Thursday, July 24, 2014

Those who choose Death




If you are terrified of dying you shouldn't read this. In fact, close your eyes and hurry away.

I’m sure that most of the people who know me will be calling me (if they know how to reach me personally, to find out if I’m okay or if I’m thinking of killing myself, or just to find out yet again, why I’m fascinated by the morbid.

So here’s the truth that I’m not afraid to share. It’s my truth, I’m not forcing it on you, so don’t hyperventilate; I’m not afraid of death.

There! I said it, and you have the right to think I’m enamored by the morbid. I don’t think I am.
Death is not my worry, it is the way I go that sometimes keeps me awake for one minute or less, some four times per year.

But I have to admit that I've somehow managed to gain some insight into how it must feel, for those who chose death.

Don’t ask me how I came by this insight. I’m not at liberty to divulge my sources.
Those who chose death are not necessarily weak, or ungrateful, or cowardly.

They just get to a point where they stop seeing the point to fighting a war that we are all born to lose.

Why delay the inevitable? We are all going to die anyway, so why waste money dressing up a walking corpse in the name of plastic surgery or health spas or vegan versus vegetarian diets?

When a person chooses to embrace death, they give in to end the war, at least for themselves.
Yes they are giving up by giving in, but really, what are they giving up on?

Here’s what: pain, hurt, sickness, the drudgery of waking up each morning to throw yourself in the line of fire for more physical, emotional, psychological and spiritual abuse and torture.

They ask themselves if they really must bother with all that. They usually find a bold NO at the end of that question.

Then they compare the other option. Giving in. That one promises undisturbed quiet and cessation of struggles and troubles.

They even have a promise from the Christian bible in Ec 9:10, where it says there is no work to be done in Sheol.

That option begins to look very good. It starts like a little crack in a generally accepted idea that had previously stood as solid as Gibraltar itself, and eventually grows from fission to chasm.

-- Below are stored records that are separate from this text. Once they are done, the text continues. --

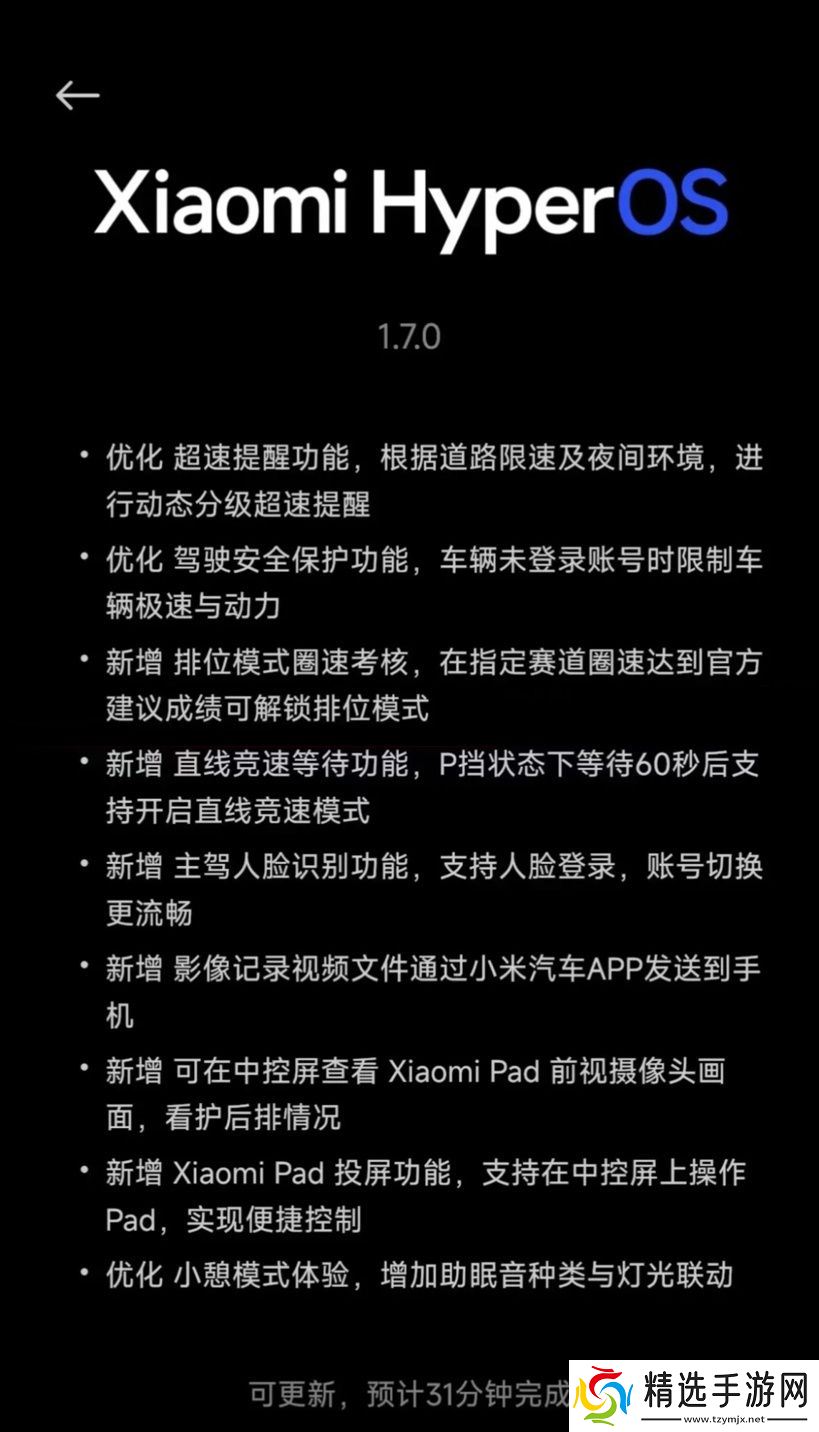 本站从更新日志获悉,灰度 OTA 更新 1.7.0 后,小米 SU7 Ultra 汽车新增排位模式圈速考核,在指定赛道圈速达到官方建议成绩可解锁排位模式。
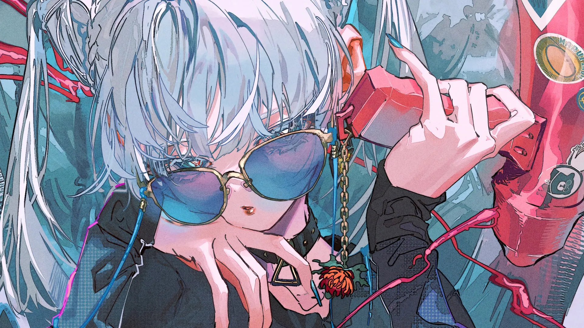 蓝色头发 动漫女孩 护目镜 AI艺术 太阳镜  电脑壁纸 4K壁纸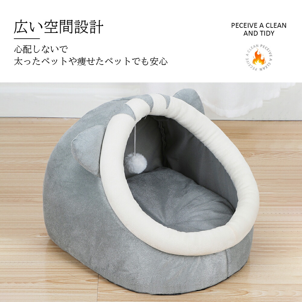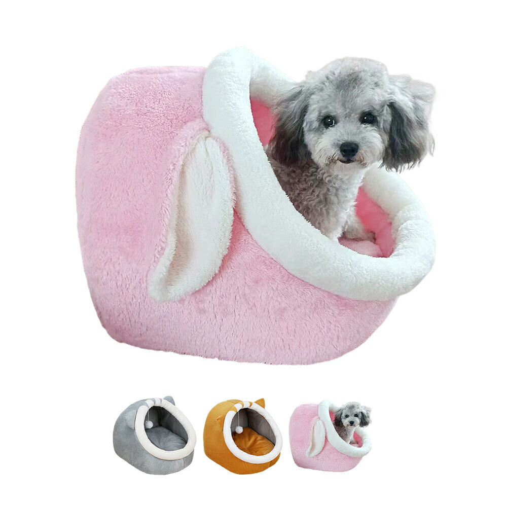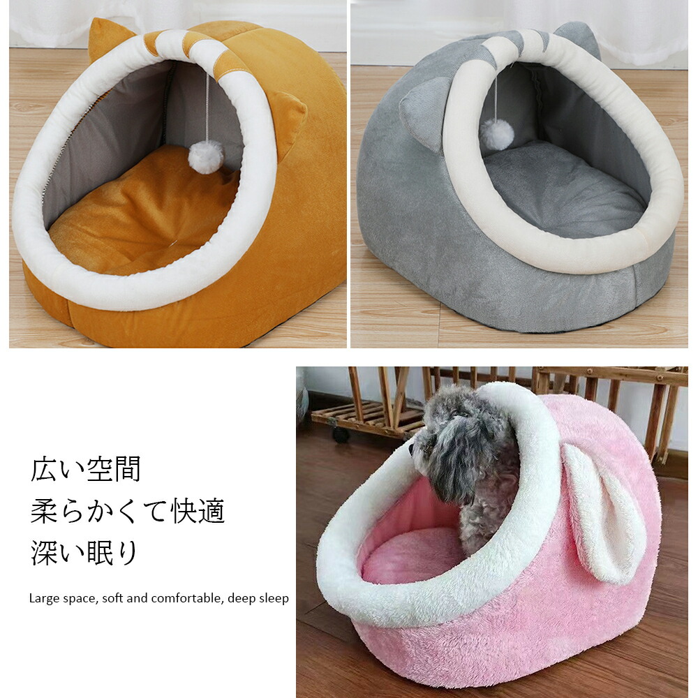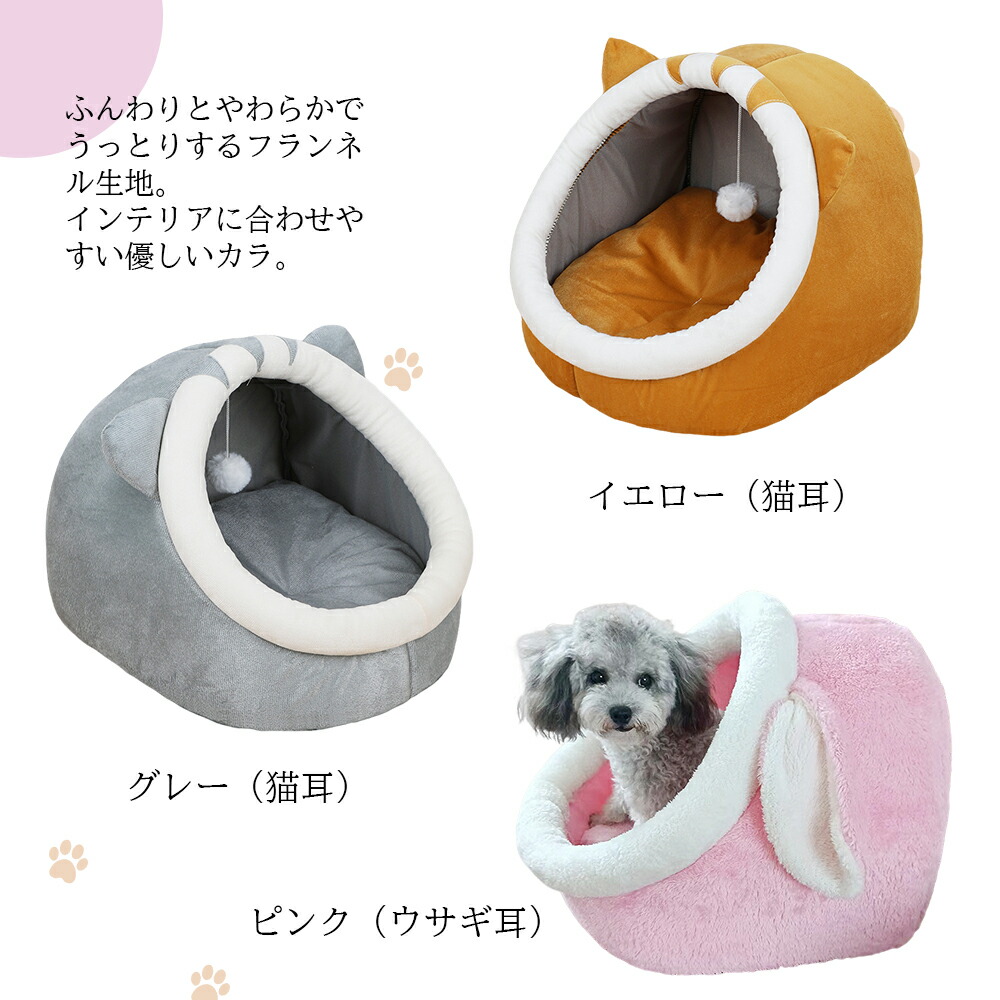 ペットベッド 冬 ふわふわ ドーム型 グレー(猫耳) イエロー(猫耳) ピンク(ウサギ耳)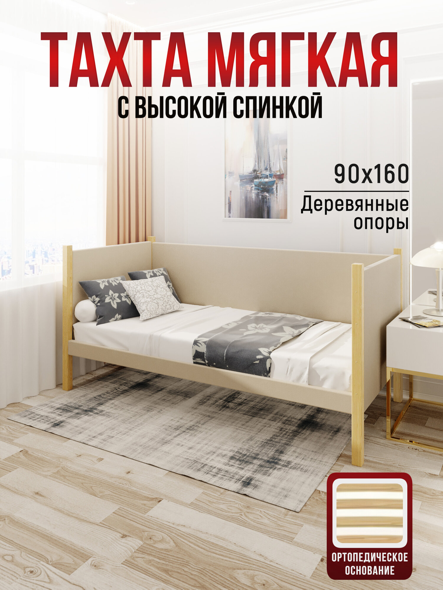 Купить Тахта односпальная из массива сосны Классика, 90х160 см, ортопедическое основание и высокие бортики с мягкой обивкой бежевого цвета, лакированные ножки с доставкой по всей России. Тахта односпальная из массива сосны Классика, 90х160 см, ортопедическое основание и высокие бортики с мягкой обивкой бежевого цвета, лакированные ножки: сравнение цен, характеристики, фото, актуальное наличие и цены.

The option boldly challenges a conspiracy that has been force fed on every man, woman and child ever born; the conspiracy theory, that life if worth fighting for.

They wonder at the touted sense that supposedly underpins fighting to hold on to life when life itself and the living of it is one big machine that works assiduously at killing you with each second that passes.

What’s the point? How does that even make sense? Who started this conspiracy? Who is weaving this shroud?

Those who choose death find an irresistible peace in the thought of going to a place and finding some quiet at last.

Maybe they believe they've had more than enough of some trauma or just don’t feel inclined to take on some future discomfort. Who are we to judge?

So the lute from death begins to diffuse some irresistible melody.

Those who choose death decide to lay their burdens down, shed their mortality, close their droopy soul-eyes, and sleep. Deeply.

Those who choose death know that all death is, is letting the soul take a long, undisturbed slumber.

It is the method of exit that’s the problem.


Of course I realize that for many people, the terror of death is because they are not sure about whats on the other side. I am, but if you worry about hell fire, I'm not about to disabuse your mind of the notion, your welcome to hug the knowledge to yourself. 

Still, I'm tempted to ask you how you can think God to be loving and merciful on the one hand, then think him capable of burning souls for eternity because of a sin or sins they committed within 80 years or less.

I don't get that, and I doubt that those who chose death worry about that.